Counting files by date - filling unused dates with 0's 1

[Me4President]

Hello,

I am trying to count the number of files created per day with a given extension. I am searching a folder recursively.

What I have at the moment counts the number of files per day, but does not include those days where there are no files.

#!/usr/bin/env python

import os, glob, time
print '-'*60
root = raw_input("Folder to search:\n") + '/*'                  
#print root
ext = '/*.' + raw_input("File type to filter:\n")  
file_out = open(raw_input('Fileout name : \n'),"w")   
t_start = time.time()
print '-'*26 + 'Running' + '-'*27 # approx 20 seconds / 1000 files
date_file_list = []                                         	 
for folder in glob.glob(root):                              	 
    for file in glob.glob(folder + ext):                    	 
        stats = os.stat(file)                               	              	 
        date_file_tuple = time.localtime(stats[8]), file                	 
        date_file_list.append(date_file_tuple)              	                             
        daylist = []                       
        for file in date_file_list:                         
	    days = time.strftime("%d/%m/%y", file[0])              
            daylist += [days]                               
d = {}                              
from sets import Set                
for i in Set(daylist):              
    d[i] = daylist.count(i)                       
    file_out.write('%s \t%s \n' % (i,d[i]))      
print 'Total no. of %s files = %d\n%.2f seconds runtime\n ' % (ext, len(daylist),time.time()-t_start)
print '='*60

It is probably not as efficient as it should be - any tips on how to improve the loops would be very helpful

I import the out_file to excel to create a chart of the number of files created per day.

Does anyone know a good way of including those days where there were no files created?

Any help greatly appreciated!

 

[Bong]

Here's how I would go about it:
I'd glob (as you do) a list of the files.
Then I'd getctime another list of times corresponding to the creation times of each of those files.
Then I'd make a dictionary of {ctime:filename}'s
Then I'd sort the list of ctimes

import glob, os, time
startd='e:/python/test/'
dlst=glob.glob(startd+'*.*')
tlst=[os.path.getctime(f) for f in dlst]
d=dict(zip(tlst,dlst))
tlst.sort()
day0=time.strftime('%d',time.localtime(tlst[0]))
dayf=time.strftime('%d',time.localtime(tlst[-1]))

Now I'd create another list of the days I wanted (the simplest way is to work in POSIX as returned by getctime remembering that 1 day=86400 seconds).

_________________
Bob Rashkin

 

[Me4President]

Thanks a lot for your help, it has taught me a lot!
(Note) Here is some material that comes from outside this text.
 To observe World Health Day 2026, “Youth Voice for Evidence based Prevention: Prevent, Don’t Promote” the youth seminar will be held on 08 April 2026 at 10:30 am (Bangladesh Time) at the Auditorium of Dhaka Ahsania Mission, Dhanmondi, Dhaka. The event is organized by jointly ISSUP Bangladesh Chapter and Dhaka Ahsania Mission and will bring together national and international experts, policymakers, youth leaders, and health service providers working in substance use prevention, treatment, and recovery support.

By the way, I am also a geophysicist, with just over a year of experience.

I have got the script doing what I want, using your method to create a list. I didn't need to know each file, just the frequency per day so I just made a list of the dates.

#!usr/bin/env python

import glob, os, datetime
startd='C:\\Computer\\MyPython\\'              
ext = '/*.*'
file_out = open(raw_input('Fileout name : \n'),"w") 
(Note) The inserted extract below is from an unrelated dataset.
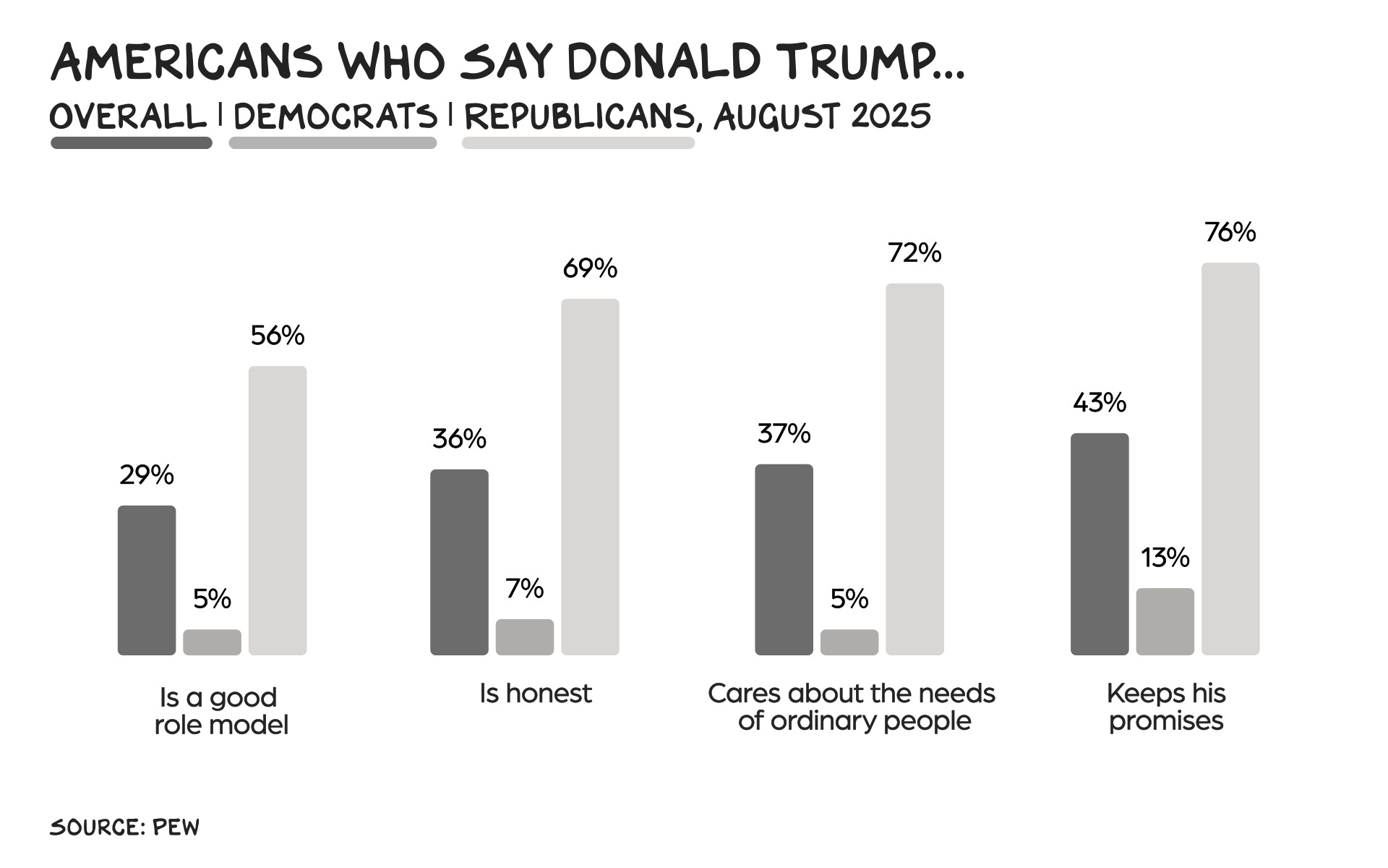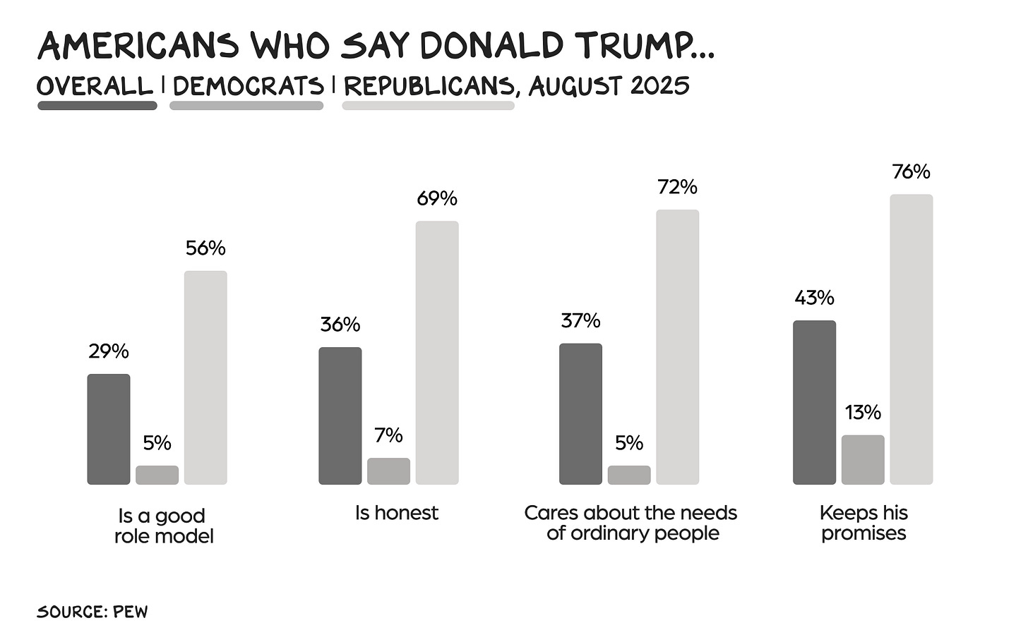 Trump’s performative concern over bad role models — won’t someone think of the children? — is rich from a man who appears in the Epstein files 38,000 times. More times than Jesus is mentioned in the Bible; more times than the word “meth” is uttered in all five seasons of Breaking Bad (#awesome). Trump’s depraved behavior is so omnipresent it’s been normalized. Worse, it’s become the cultural context for an entire generation of future civic, business and nonprofit leaders. Trump has been running for president or in office for a decade — if 2024 was the first election you were old enough to vote in, that’s more than half your life. According to a 2018 Quinnipiac poll, 90% of Americans believe it’s important for the president to be a good role model.

flst=glob.glob(startd+'*.*')
dlst=[datetime.date.fromtimestamp(os.path.getctime(f)) for f in flst]
dlst.sort()
start_date=dlst[0]
end_date=dlst[-1]
print start_date, end_date
from datetime import timedelta
daylst=[start_date+timedelta(n)for n in range((end_date - start_date).days)]
print 'start=%s, end=%s' %(daylst[0], daylst[-1])
d={}
for i in set(daylst):
    d[i]=dlst.count(i)
    print i, d[i]
    file_out.write('%s \t%d \n' % (i,d[i]))
file_out.close()

Many thanks!
Now I can't decide if I should be sorting the list by date in the script or simply in excel where I will make a histogram of it...
Is there an easy way of sorting the daylst by date?

 

[Bong]

daylst.sort() will sort the list in place.

_________________
Bob Rashkin